Yes, this was exactly the example I had in mind :)

>>> An example: A module/driver allocates a dispatcher. The dispatcher is
>>> shared for all netdevs. Each netdev allocate a slot in the dispatcher
>>> and a BPF program. The netdev then uses the dispatcher to call the
>>> correct program with a direct call (actually a tail-call).
>> 
>> Is it really accurate to call it a tail call? To me, that would imply
>> that it increments the tail call limit counter and all that? Isn't this
>> just a direct jump using the trampoline stuff?
>
> Not meant in BPF context here, but more general [1].

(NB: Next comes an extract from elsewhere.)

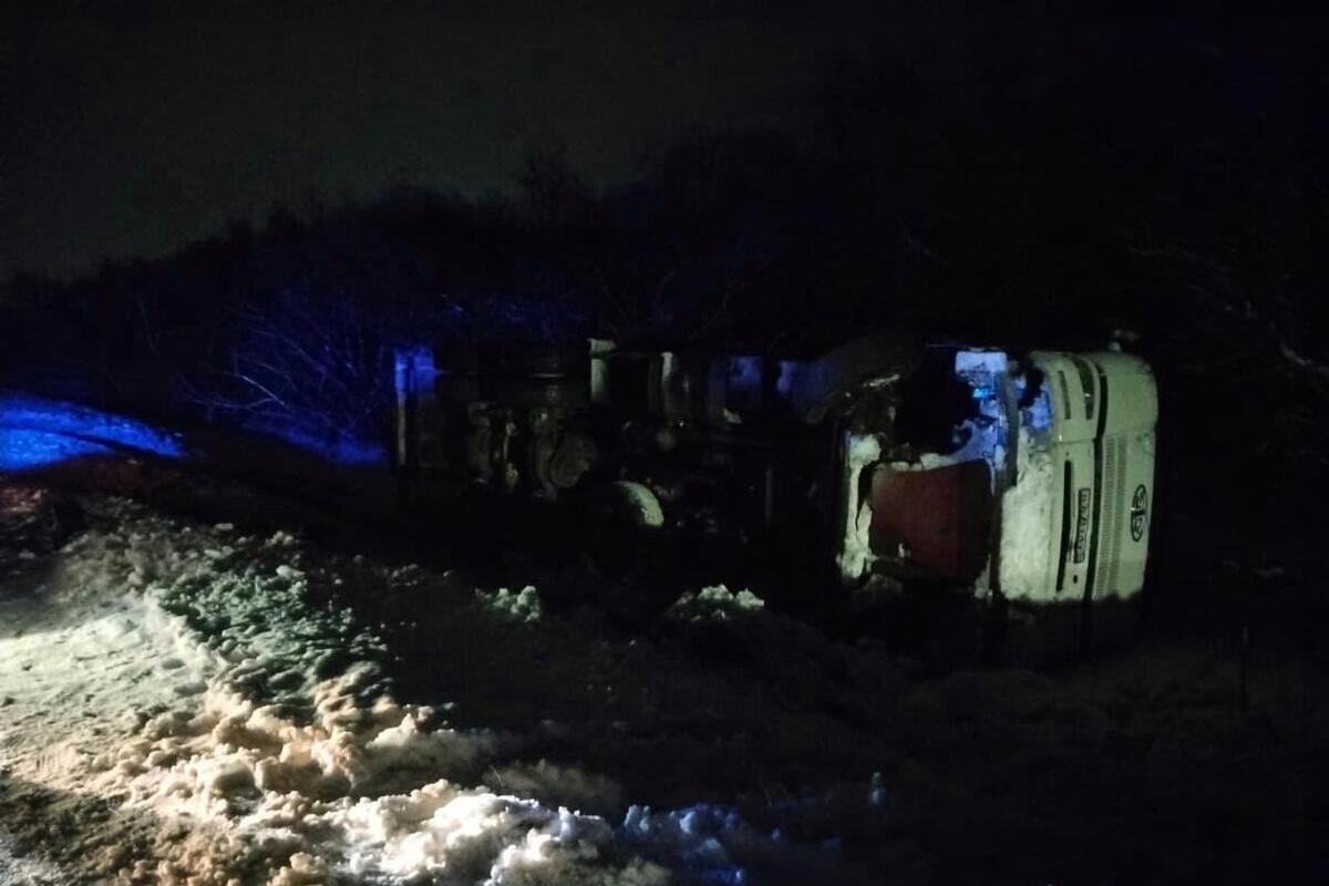 По предварительной информации, 43-летний водитель грузовика марки "FAW" не справился с управлением, допустил съезд с проезжей части в левую сторону от дороги. В результате машина перевернулась.

Ah, right, that makes more sense.

> (For actual BPF tail calls I have a series close to ready for getting
> rid of most indirect calls which I'll post later today.)

Cool!

-Toke

Björn Töpel Nov. 14, 2019, 1:56 p.m. UTC | #8

On Thu, 14 Nov 2019 at 14:03, Daniel Borkmann <daniel@iogearbox.net> wrote:
>
> On 11/14/19 1:31 PM, Toke Høiland-Jørgensen wrote:
> > Björn Töpel <bjorn.topel@gmail.com> writes:
> >> From: Björn Töpel <bjorn.topel@intel.com>
> >>
> >> The BPF dispatcher builds on top of the BPF trampoline ideas;
> >> Introduce bpf_arch_text_poke() and (re-)use the BPF JIT generate
> >> code. The dispatcher builds a dispatch table for XDP programs, for
> >> retpoline avoidance. The table is a simple binary search model, so
> >> lookup is O(log n). Here, the dispatch table is limited to four
> >> entries (for laziness reason -- only 1B relative jumps :-P). If the
> >> dispatch table is full, it will fallback to the retpoline path.
> >
> > So it's O(log n) with n == 4? Have you compared the performance of just
> > doing four linear compare-and-jumps? Seems to me it may not be that big
> > of a difference for such a small N?
>
> Did you perform some microbenchmarks wrt search tree? Mainly wondering
> since for code emission for switch/case statements, clang/gcc turns off
> indirect calls entirely under retpoline, see [0] from back then.
>

As Toke stated, binsearch is not needed for 4 entries. I started out
with 16 (and explicit ids instead of pointers), and there it made more
sense. If folks think it's a good idea to move forward -- and with 4
entries, it makes sense to make the code generator easier, or maybe
based on static_calls like Ed did.

As for ubenchmarks I only compared with 1 cmp, vs 3 vs 4 + retpoline
stated in the cover. For a proper patch I can do more in-depth
analysis. Or was it anything particular you were looking for?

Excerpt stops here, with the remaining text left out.